ENTRIES PROVIDED
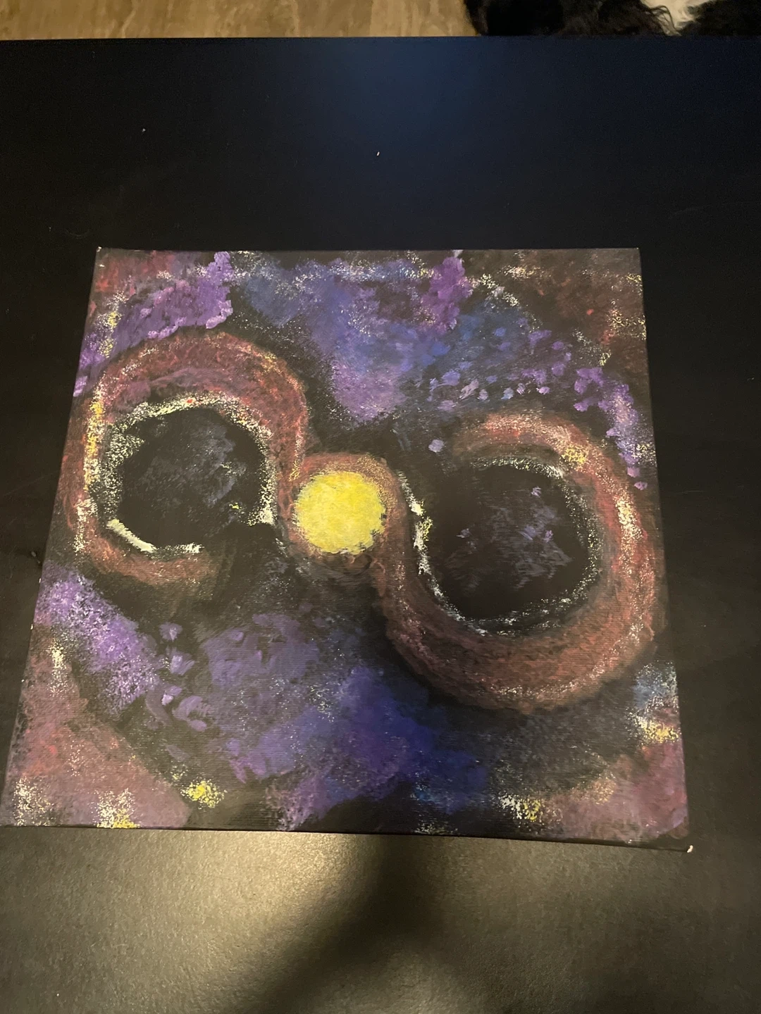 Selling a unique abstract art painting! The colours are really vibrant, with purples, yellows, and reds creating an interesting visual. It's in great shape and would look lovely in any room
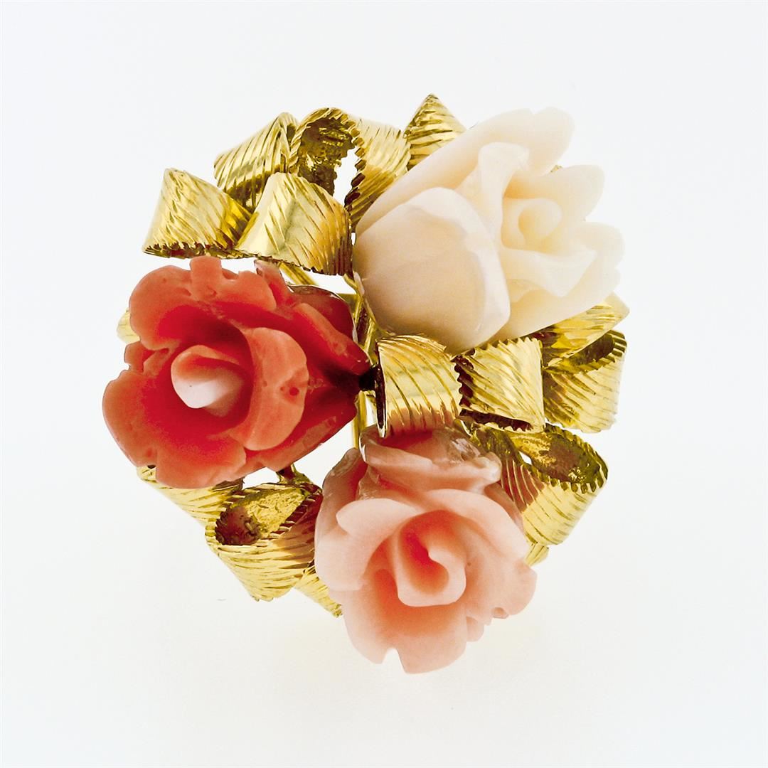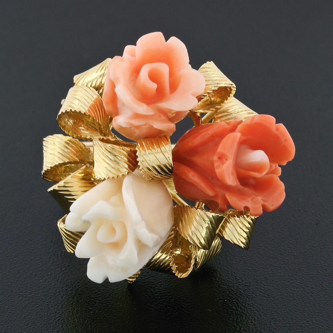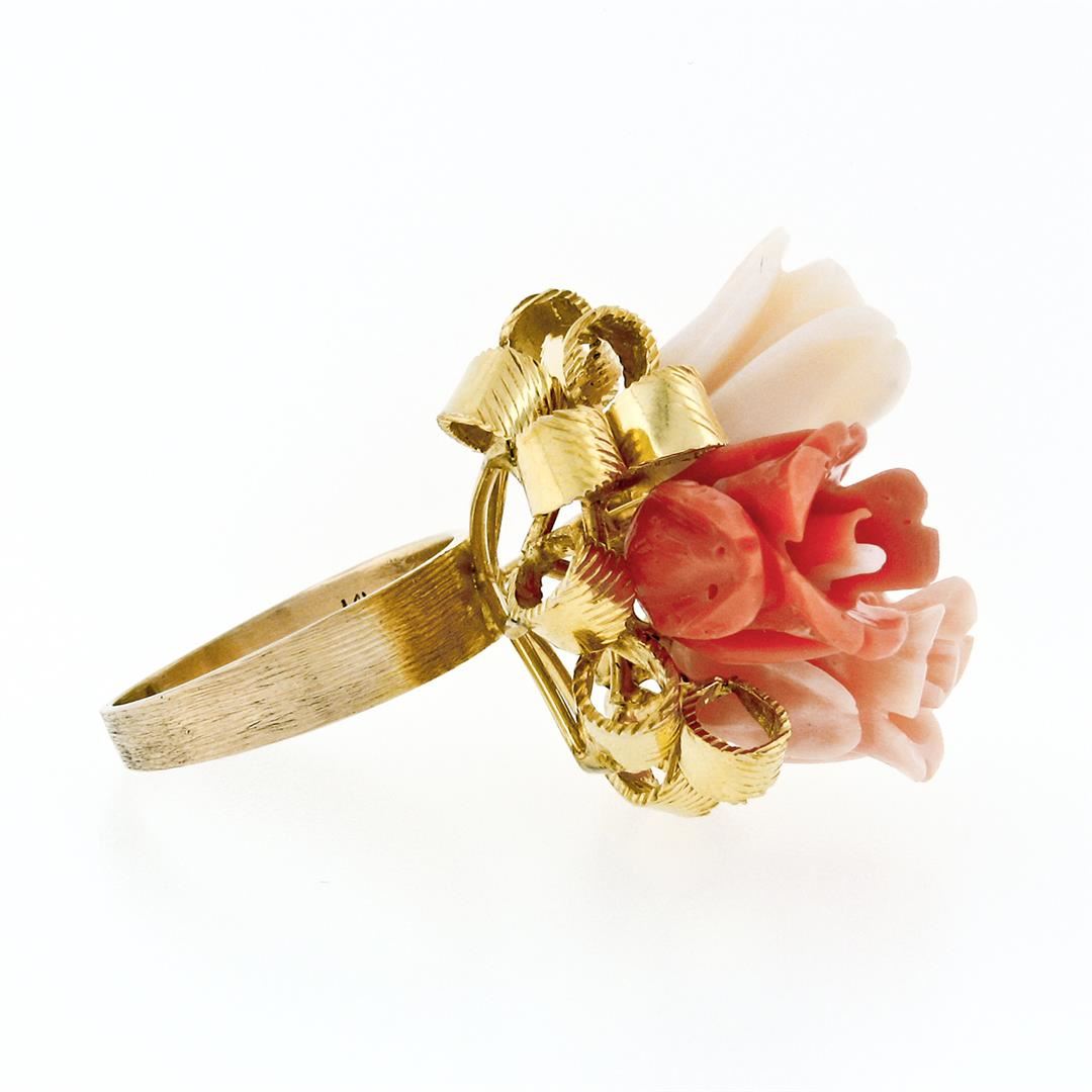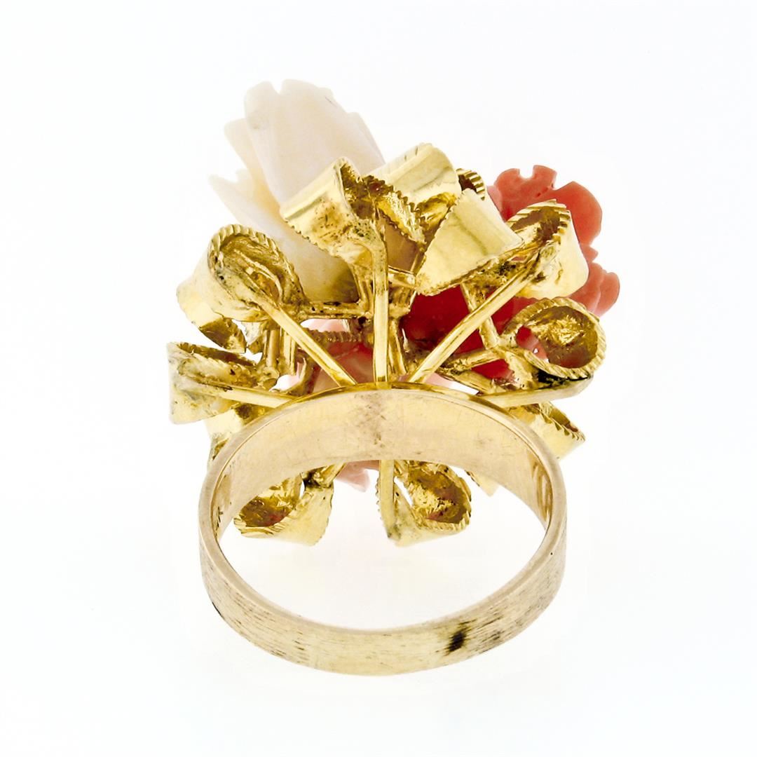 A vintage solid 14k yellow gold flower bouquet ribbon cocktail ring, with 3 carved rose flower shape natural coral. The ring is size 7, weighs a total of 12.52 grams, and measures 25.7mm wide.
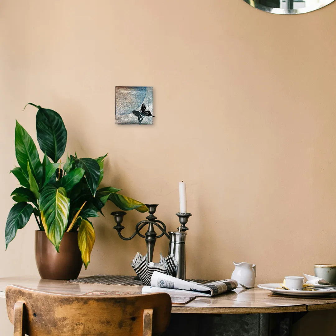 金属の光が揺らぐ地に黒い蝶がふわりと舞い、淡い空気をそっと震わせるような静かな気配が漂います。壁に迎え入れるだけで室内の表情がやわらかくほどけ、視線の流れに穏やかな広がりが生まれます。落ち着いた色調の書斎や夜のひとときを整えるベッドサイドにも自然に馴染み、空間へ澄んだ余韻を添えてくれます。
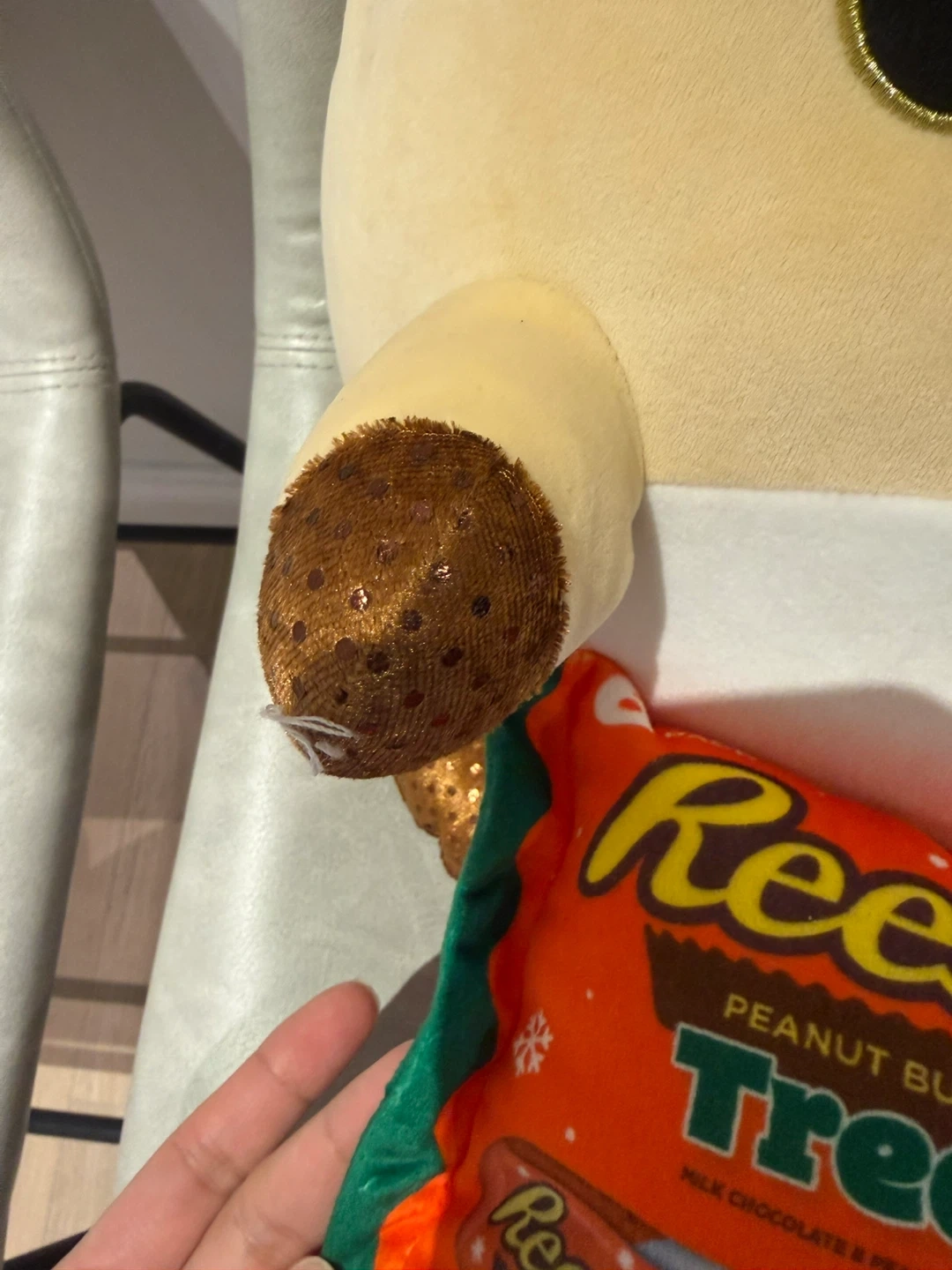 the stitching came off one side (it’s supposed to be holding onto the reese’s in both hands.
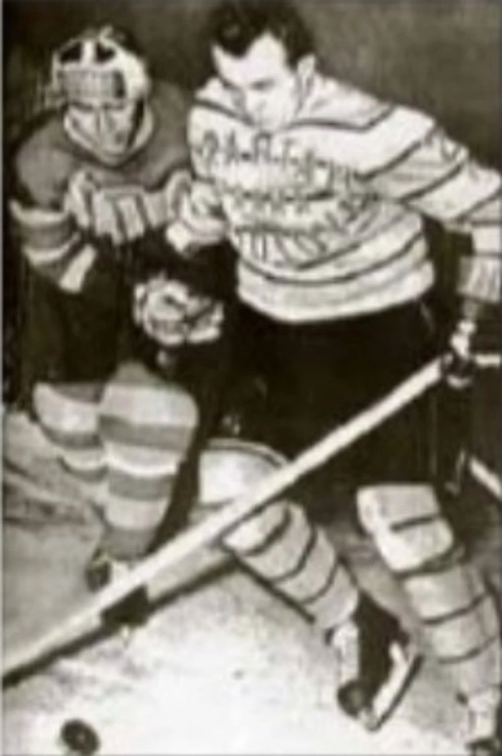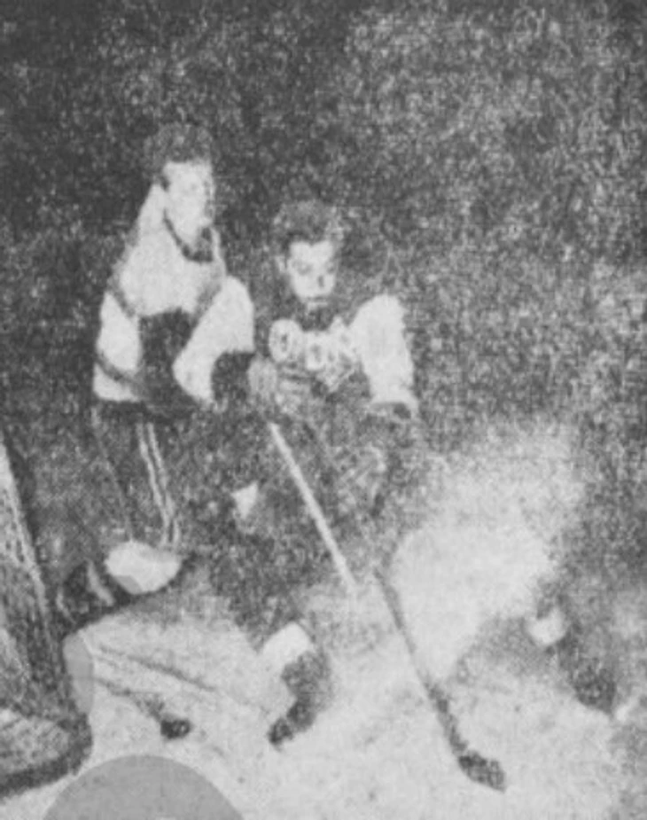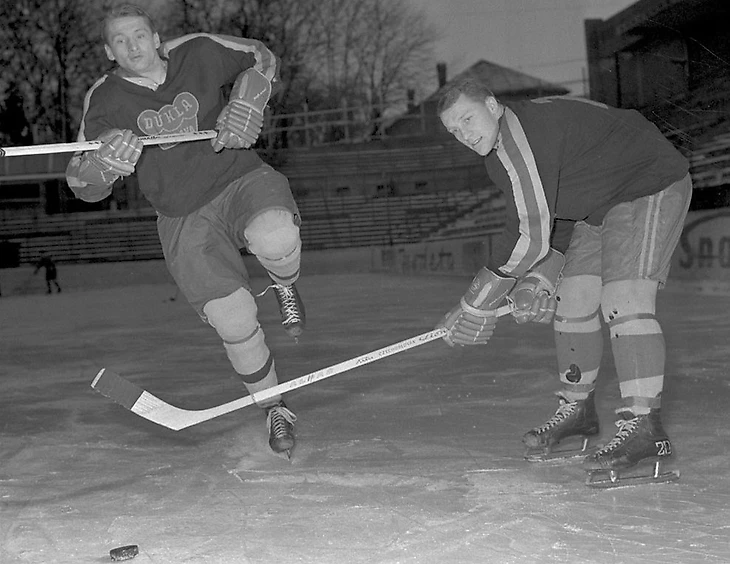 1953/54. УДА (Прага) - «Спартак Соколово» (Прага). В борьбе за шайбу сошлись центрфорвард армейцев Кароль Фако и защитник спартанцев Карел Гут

WORK REQUEST
Return the lines from the one containing "the stitching came" through the last line of the records, both included, exactly as written and with no pictures.

RESULT BELOW
 the stitching came off one side (it’s supposed to be holding onto the reese’s in both hands.
 1953/54. УДА (Прага) - «Спартак Соколово» (Прага). В борьбе за шайбу сошлись центрфорвард армейцев Кароль Фако и защитник спартанцев Карел Гут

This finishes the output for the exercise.